[Material provided]

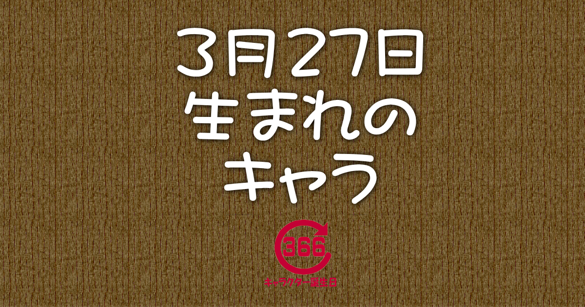3月27日の誕生日情報 誕生日 2025.03.27 『3月27日』が誕生日の キャラクターは178名です。 お誕生日おめでとう #さくらの日 #世界演劇の日 #仏壇の日 3月27日 生まれのキャラクター誕生日情報3月27日生まれのキャラクターや星座、血液型、身長等を見ることが出来るサイトです。
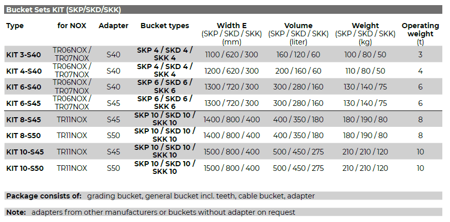 Standard tiltrotator buckets come in a kit consisting of a grading bucket, digging bucket and cable/trench bucket. These buckets are designed specifically for use with tiltrotators due to their low self weight and robustness. The Scandanavian standard S Lock or S Type system provides a standardized system across all tiltrotators from S40 up to S70. This setup vastly reduces the tiltrotator overall build height and helps with the loss of breakout force.
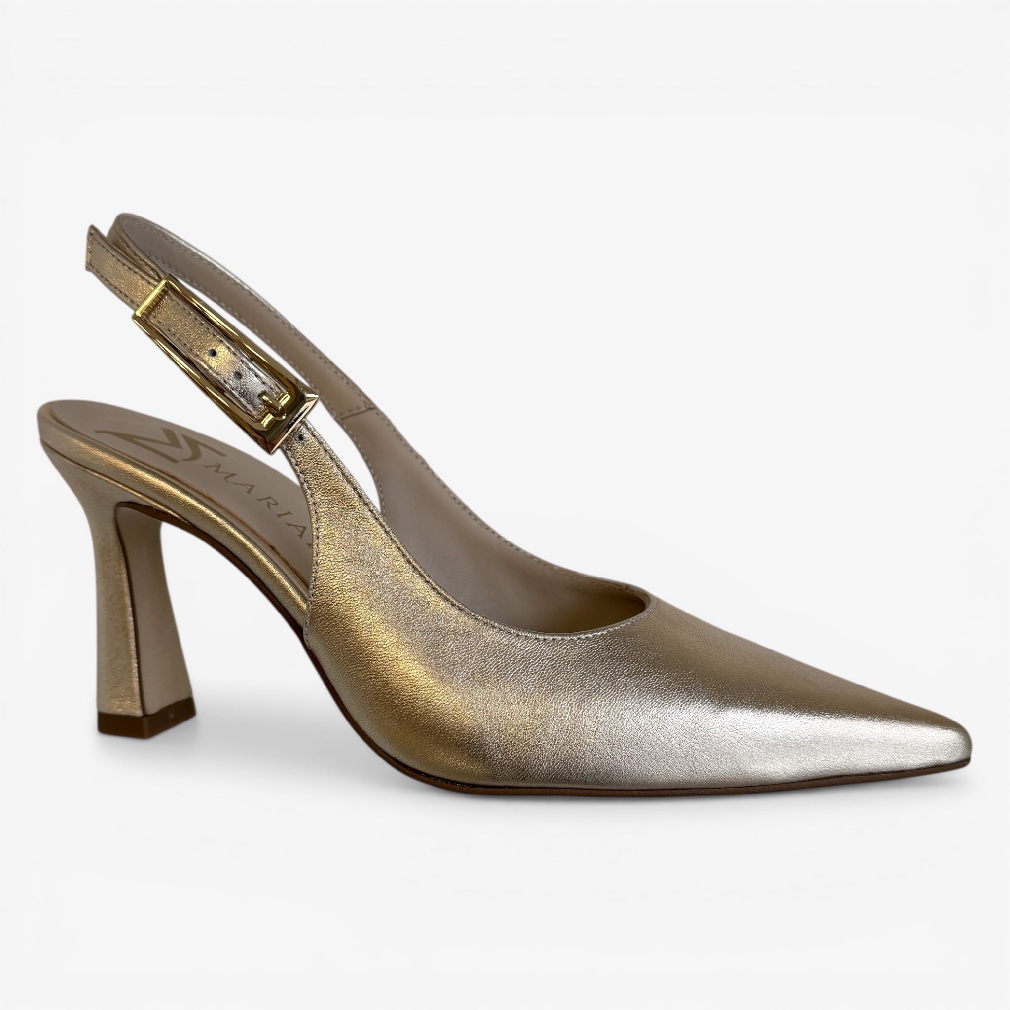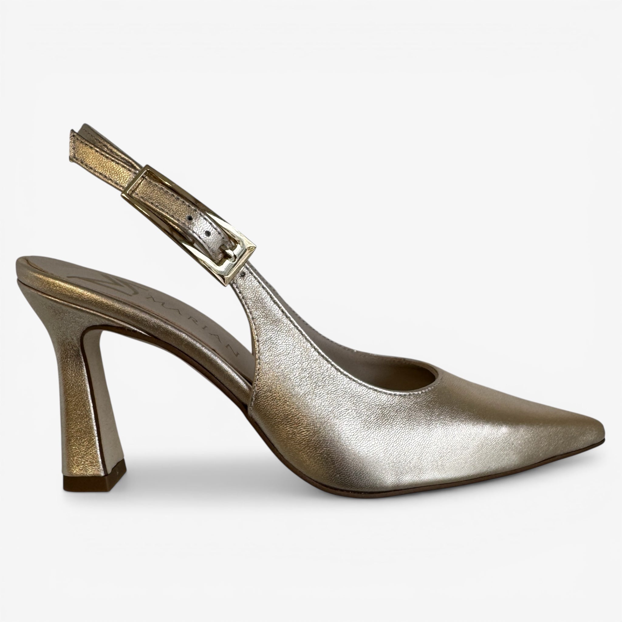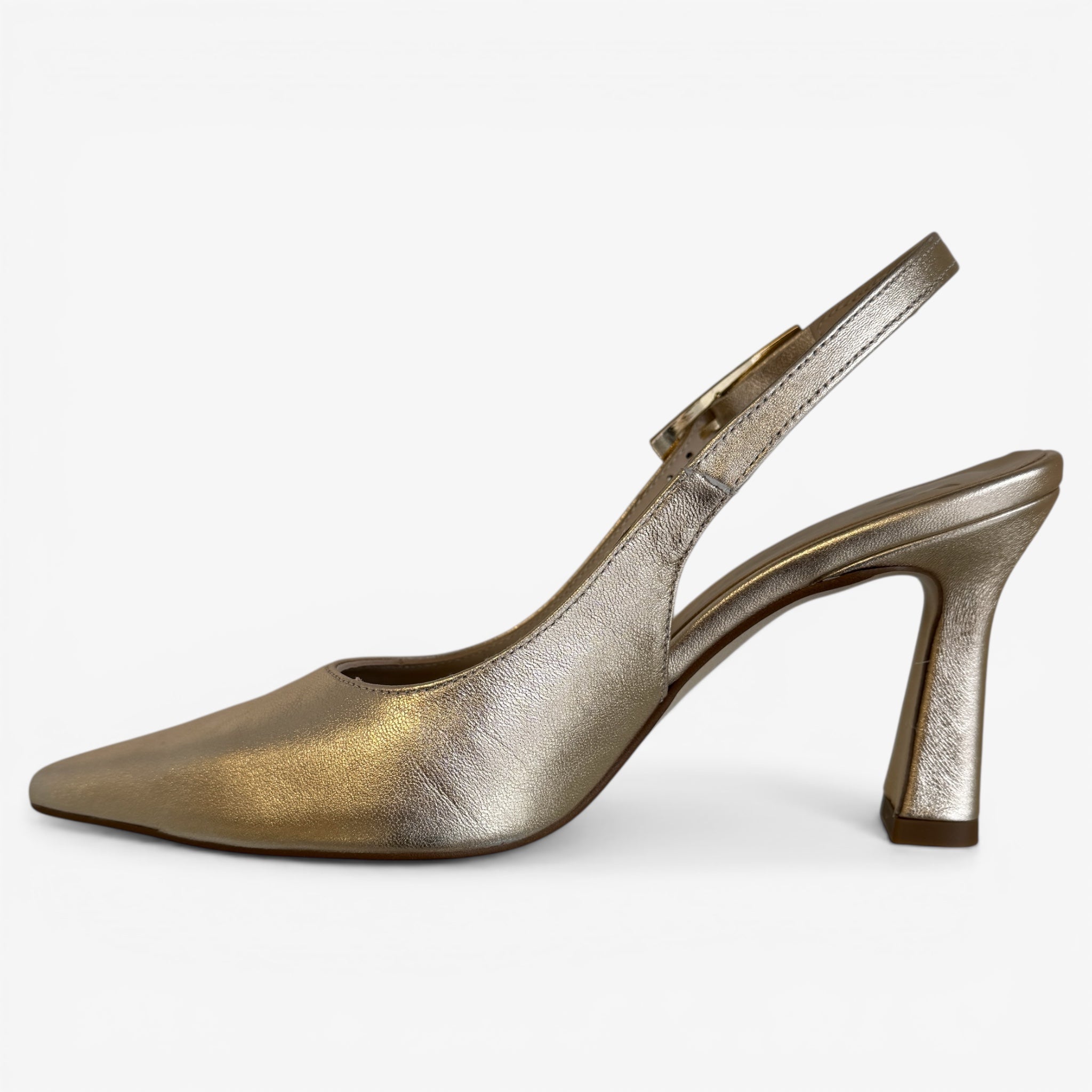 Champagne Gold leather slingback on a geometric heel.

[/Material provided]

● **Instructions to follow**: Skipping all pictures, set the listing down exactly as written.

● **Solution to this problem**:
3月27日の誕生日情報 誕生日 2025.03.27 『3月27日』が誕生日の キャラクターは178名です。 お誕生日おめでとう #さくらの日 #世界演劇の日 #仏壇の日 3月27日 生まれのキャラクター誕生日情報3月27日生まれのキャラクターや星座、血液型、身長等を見ることが出来るサイトです。
 Standard tiltrotator buckets come in a kit consisting of a grading bucket, digging bucket and cable/trench bucket. These buckets are designed specifically for use with tiltrotators due to their low self weight and robustness. The Scandanavian standard S Lock or S Type system provides a standardized system across all tiltrotators from S40 up to S70. This setup vastly reduces the tiltrotator overall build height and helps with the loss of breakout force.
 Champagne Gold leather slingback on a geometric heel.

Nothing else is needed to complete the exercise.